Coppersmith's method: solutions to modular polynomials - Tea Boon Chian
Seminar of the series "Cryptograph: from theory to applications", in collaboration with Telsy SPA, a company of the TIM group specialized in cybersecurity.
You will be able to follow the seminar live through Zoom, at the following link. The seminar will be held in english.
In case you have any problems following the seminar live, we remind you that all seminars can be viewed retrospectively on the CrypTO YouTube channel.

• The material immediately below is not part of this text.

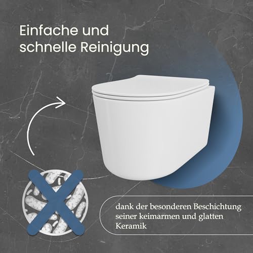 🚽 HÖCHSTE HYGIENE – Unsere Toilette gewährleistet nicht nur eine gründliche Reinigung, sondern auch die spülrandlose Bauart. Dank der besonderen Beschichtung seiner keimarmen und glatten Keramik Oberflächen kann das WC einfach und schnell gereinigt werden.

Abstract: The Coppersmith’s method was introduced by Don Coppersmith in 1996, aiming to search “small” root(s) to polynomial equations. This heuristic method is vastly utilized in cryptography, especially in analysing the RSA-type cryptosystems, as well as lattice-based and multivariate cryptography. Although elegant, the Coppersmith’s method can be confusing to those who just started to learn it, particularly in constructing a basis lattice which enables one to use the LLL-reduction subsequently to find root(s) to polynomial equations. In this sharing session, the Coppersmith’s method is reviewed and discussed. The focus is primarily to demonstrate step-by-step with the aid of some examples on how to implement the method to construct a basis lattice for a given polynomial function. The session firstly considers the case of univariate polynomial, and next extended to bivariate/multivariate cases if time permits. Some applications related to the Coppersmith’s method are briefly outlined to conclude the sharing session.